= MATERIAL SHOWN =

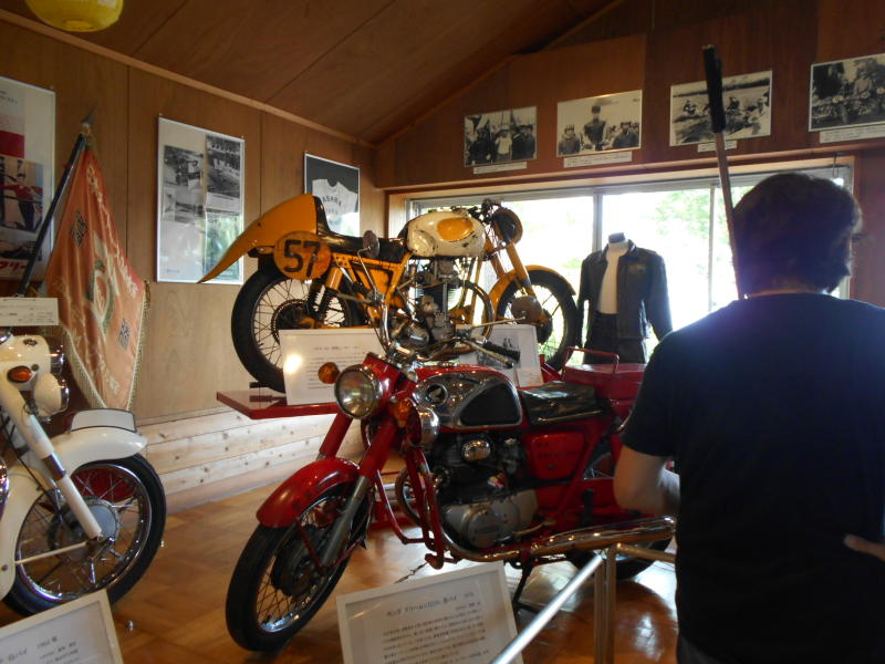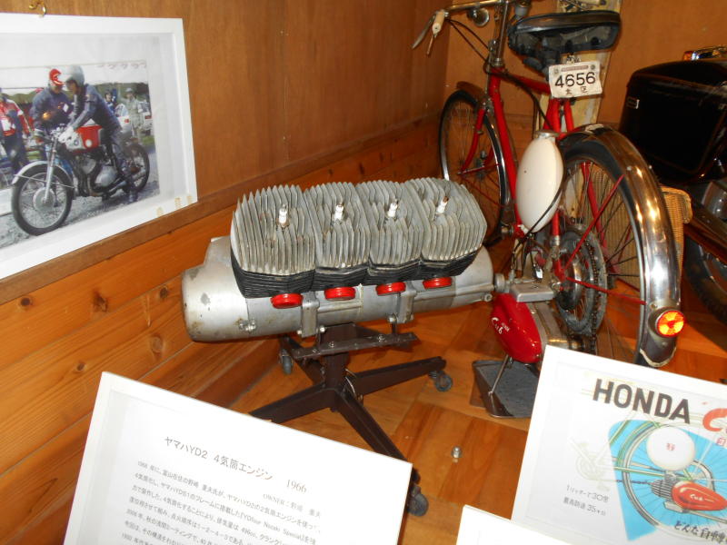 浅間火山博物館の入り口を通らないと二輪資料館へし行けません。以前はそのまま行けたのにね。 火山博物館の入り口にも山田輪盛館のホスクにホンダとヤマハのバイクが展示してあった。 |
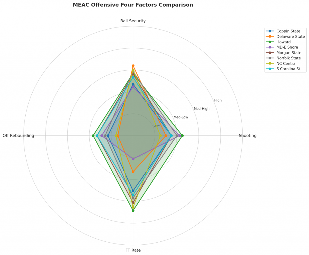 Figure 2: Offensive Four Factors comparison across MEAC teams. The radar chart shows each team’s shooting efficiency (eFG%), ball security (TOV%), offensive rebounding (OREB%), and free throw generation (FT Rate).
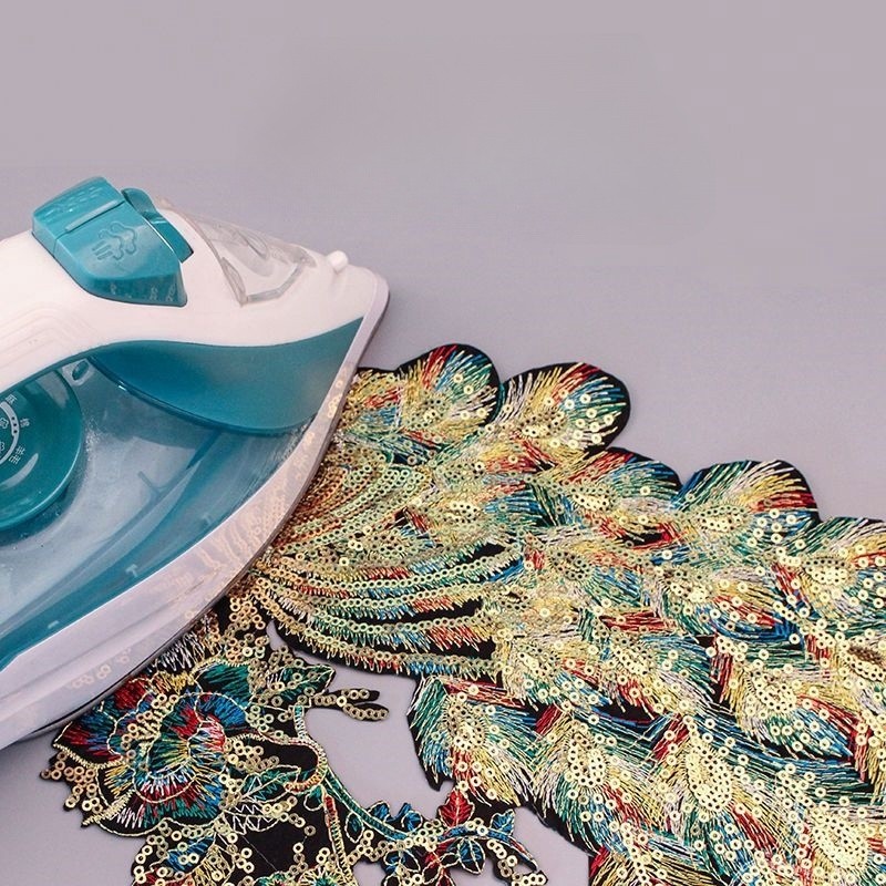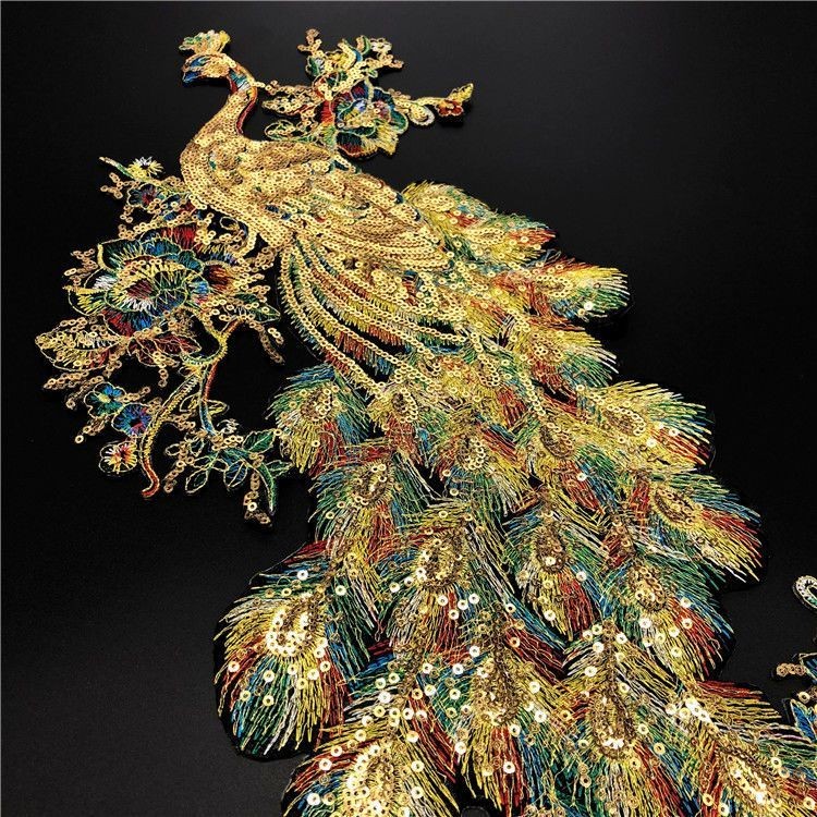 Tempel Bordir Peacock 47cm Bordir Burung Merak Full Payet Sequin Bordiran Mewah
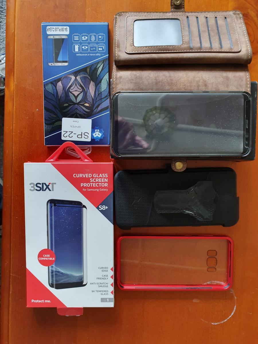 samsung galaxy s 8 plus for sale as I have upgraded.phone is in great condition.it has had a new screen battery and frame in the last 6 months (insurance claim )there is four cases and two screen protectors that go with the phone
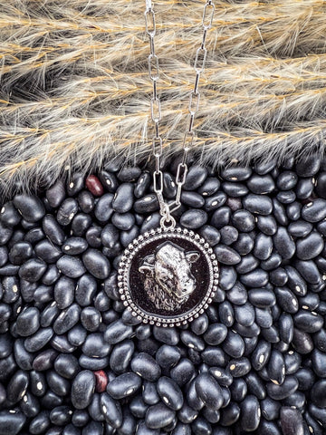 Designed for the modern cowgirl with a love for classic, heirloom-inspired jewelry, this pendant showcases an intricately detailed cow head cameo set within an ornate frame. The fine craftsmanship brings out every contour of the cow’s features, symbolizing strength, resilience, and the enduring connection between Western culture and the land. The vintage-inspired oval cameo setting adds a timeless feel, making this piece a versatile addition to both casual and dressy ensembles.
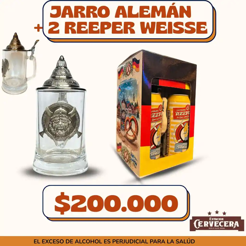 Jarro Cervecero Alemán Tradicional + 2 Reeper weissbier 500ml 5.4% alc Disfruta tu cerveza como en las tabernas bávaras con este jarro de cerámica hecho al estilo tradicional alemán. Decorado con relieves artesanales y tapa de estaño, este tipo de jarro tiene siglos de historia, usado desde el siglo XIV para mantener la cerveza fresca y protegida. Ideal para los amantes de la cerveza y la cultura cervecera europea.
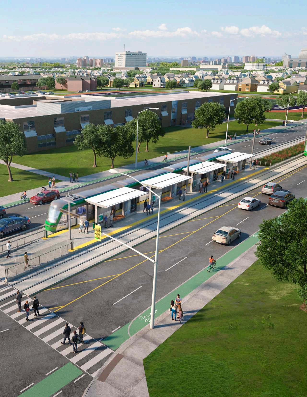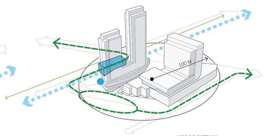 The project focuses around a pedestriandedicated ‘high street’ directly connected to public transit that offers retail, entertainment, and convenience shopping.
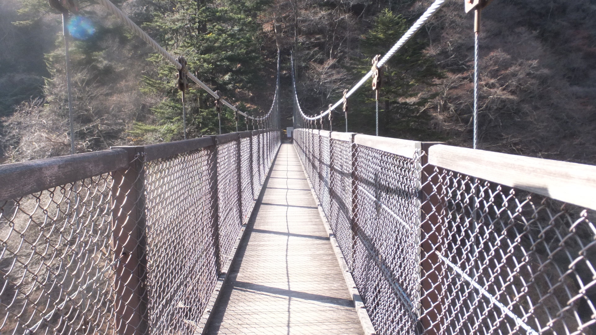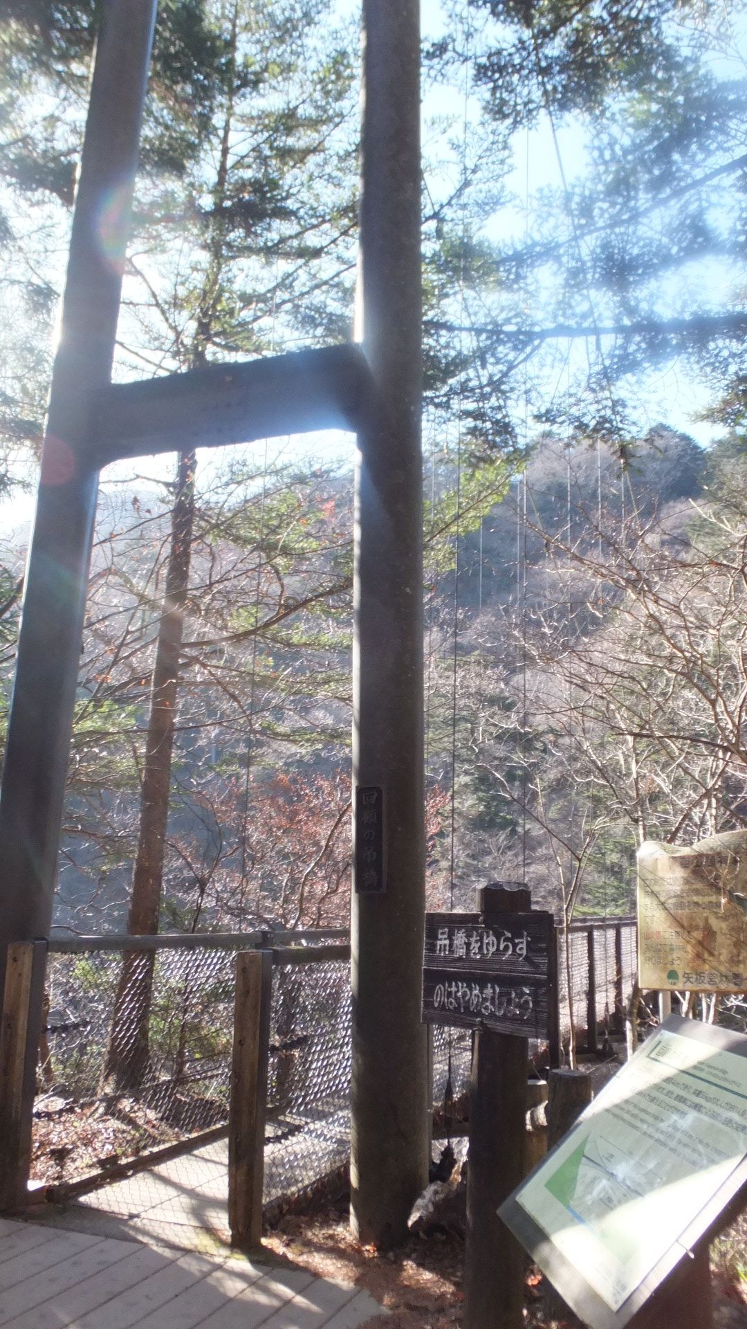 栃木の塩原にある塩原渓谷の散策で訪問しました。駐車場もあります。駐車場から階段を使って吊り橋へ。ちょっと紅葉は終わりかけだけど、一部色づいていてきれい。橋は吊り橋なので揺れるけど、まあ頑丈そうで安心です。橋を渡ると滝もあります。
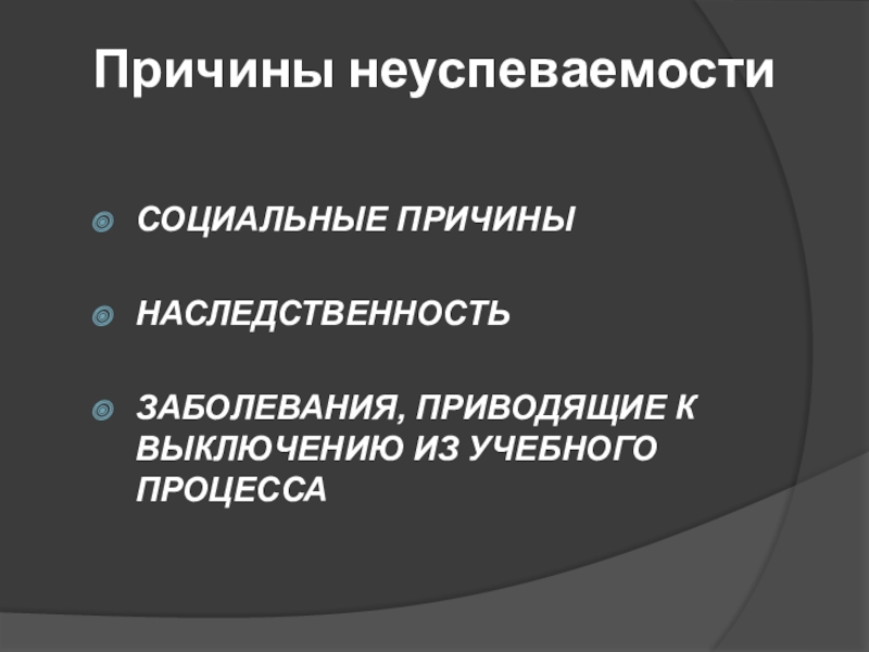 Слайд 1ПРИЧИНЫ СНИЖЕНИЯ УСПЕВАЕМОСТИ ШКОЛЬНИКОВ

= EXERCISE INSTRUCTIONS =
Nothing should appear in the answer except the lines from the first line of the data through the line holding "samsung galaxy s", exactly as written, with pictures left out.

= TASK RESULT =
 浅間火山博物館の入り口を通らないと二輪資料館へし行けません。以前はそのまま行けたのにね。 火山博物館の入り口にも山田輪盛館のホスクにホンダとヤマハのバイクが展示してあった。 |
 Figure 2: Offensive Four Factors comparison across MEAC teams. The radar chart shows each team’s shooting efficiency (eFG%), ball security (TOV%), offensive rebounding (OREB%), and free throw generation (FT Rate).
 Tempel Bordir Peacock 47cm Bordir Burung Merak Full Payet Sequin Bordiran Mewah
 samsung galaxy s 8 plus for sale as I have upgraded.phone is in great condition.it has had a new screen battery and frame in the last 6 months (insurance claim )there is four cases and two screen protectors that go with the phone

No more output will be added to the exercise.